Выбрать главу

Но в те долгие годы, когда, уже давно пережив собственную травму, я примирился с ним и снова дружил, неизменно казалось, что в обращении с учениками и последователями он снова и снова повторно играет собственную травму разрыва со своим собственным первым учителем… в отталкиваемых вновь переживая собственное грызущее огорчение; в отталкивании — становясь трагическим отцом Рустемом, поражающим Зораба[148] как бы ища оправдания и дополнения к тому, что в собственной его юности совершалось без всякого злого умысла со стороны «отца», а принадлежало лишь творческой независимости духа «прегордого сына».

Так видел я эту драму.

Может быть, недостаточно объективно.

Может быть, недостаточно «исторично».

Но для меня это дело слишком близко, слишком родное, слишком «семейная хроника».
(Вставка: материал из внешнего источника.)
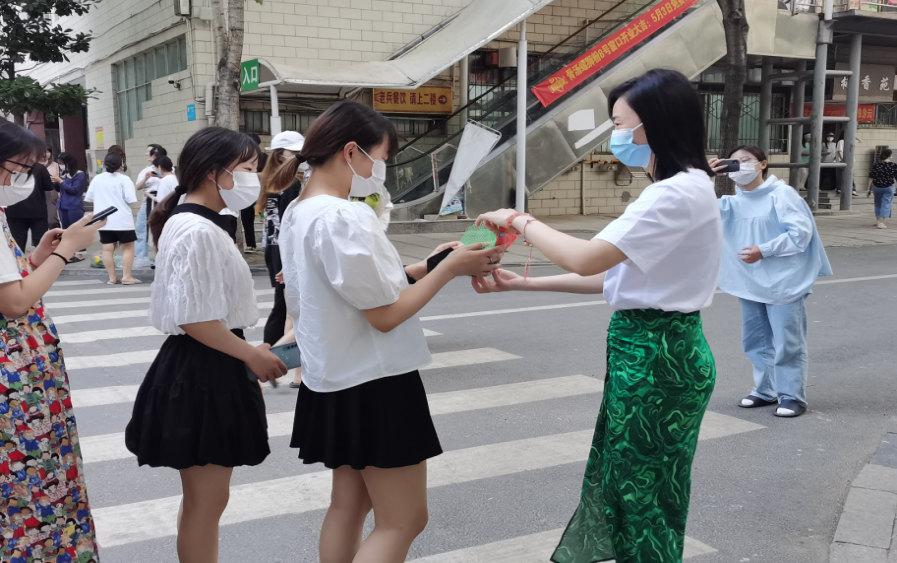 信息技术系主任喻林、党支部书记陈思为考生送关爱
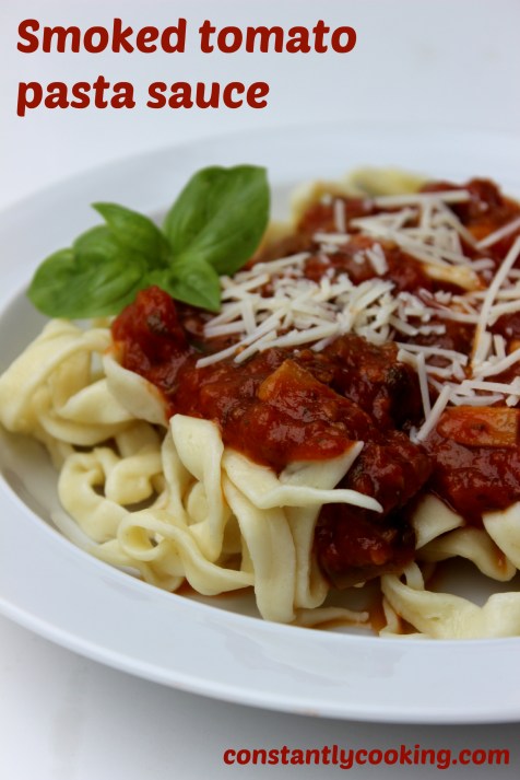 I’m a big fan of smoky foods, particularly when those foods are fruits or vegetables. My smoked tomato gazpacho is a case in point, as is my smoked watermelon salad. When asked to produce a smoked tomato pasta sauce, I was more than eager to oblige and I’m super happy I did because this is ridiculously delicious and probably the best-tasting sauce I’ve ever made – and it’s vegan! One of my taste testers enthusiastically commented that “it’s like having my favourite food around a campfire!” I’m off to the farmers’ market right now to buy a bushel of tomatoes to smoke, chop and tuck into the freezer. I suggest you consider doing the same thing. Oh – and if you’re wondering about the smidge of baking soda in my tomato sauce, don’t skip it as it is the perfect neutralizer for the tomatoes’ acidity and makes for a smoother, richer, tastier sauce. I promise.
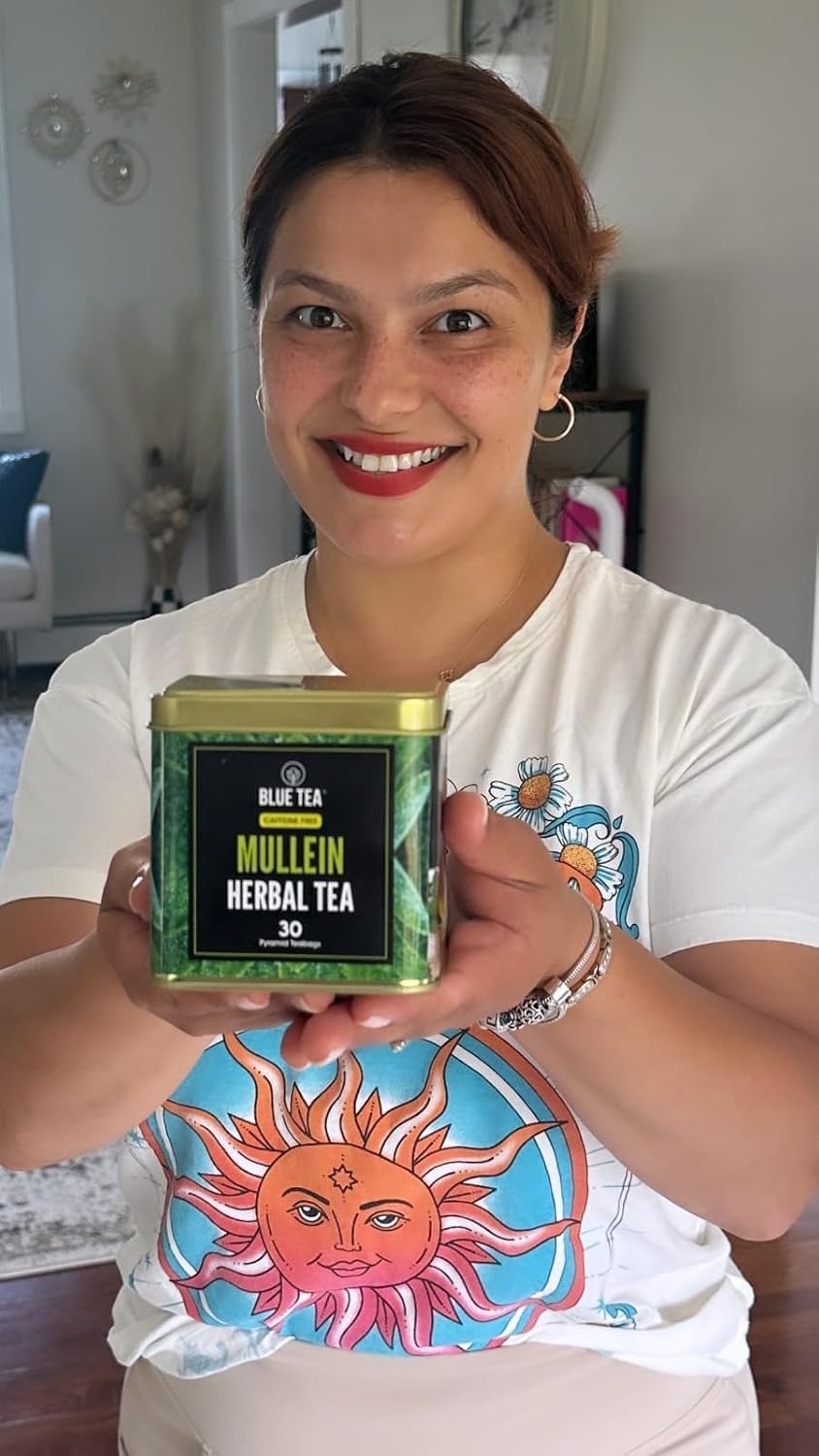 BLUE TEA - Mullein Tea - 30 Count - Pyramid Plant Based Tea Bag | LUNGS DETOX - FOR RESPIRATORY SUPPORT | Herbal Tea - Caffeine Free - Leaf Based - Non-Bitter - Vegan | Ziplock Pack

Ведь по линии «нисходящей благодати», через рукоположение старшего, я же в некотором роде сын и внук этих ушедших поколений театра.

… Во время встречи с Цвейгом я, конечно, обо всем этом не думаю, а внимательно слушаю его.

Потом развлекаю его, показывая фотографии из фильма «Октябрь».

Он захлебывается от удовольствия и очень несдержанно хвалит их.

Хвалит каким-то странным, чуть-чуть плаксивым голосом, немного нараспев.

Он хочет хотя бы одну на память.

«Ах, как они хороши! Ах, как прекрасны!..»

Я предлагаю одну — по моему выбору.

«Ах, как прекрасны! Как хороши… (и не меняя напевного ритма!)… Я хотел бы другую (и снова)… Как хороши… Как прекрасны… Если вам не жаль…».

Конечно, мне не жаль.

Я его очень люблю.

Хотя «Амок» меня разочаровал.

И неудивительно: прежде чем прочесть его, я его слышал в детальнейшем пересказе… Бабеля.

И, боже мой, каким слабым отражением этого поразительного сказа показался подлинный «Амок»!

Рассказ я слышу вечером. На закате, на верхней веранде той дачи в Немчиновке, где я в верхнем этаже работал с Агаджановой над сценарием «Пятого года», в нижнем — с Бабелем над сценарием… «Бени Крика»…

В перерывах объедаюсь мочеными яблоками, несущими аромат и прохладу из маленького ледника тут же в саду.

Почему «Беня Крик»?

Мой предприимчивый директор Капчинский полагал, что, работая в Одессе над южными эпизодами «Пятого года», я между делом сниму… «Беню Крика»[149]!

А в угловой беседке пили «зубровку» с Казимиром Малевичем, наезжавшим из города.

Упираясь кулаком в землю, он дивно рассказывал о монументальной потенции ослов.

Но, конечно, самыми удивительными были рассказы Бабеля.

И, черт его знает, на ловца и зверь бежит!

Кому же еще, как не Бабелю, встретить вечером по пути от станции Немчинов пост до дачи костер…

У костра — еврей…

у еврея виолончель…

Одинокий еврей играет на виолончели… у костра… в перелеске около станции Немчинов пост…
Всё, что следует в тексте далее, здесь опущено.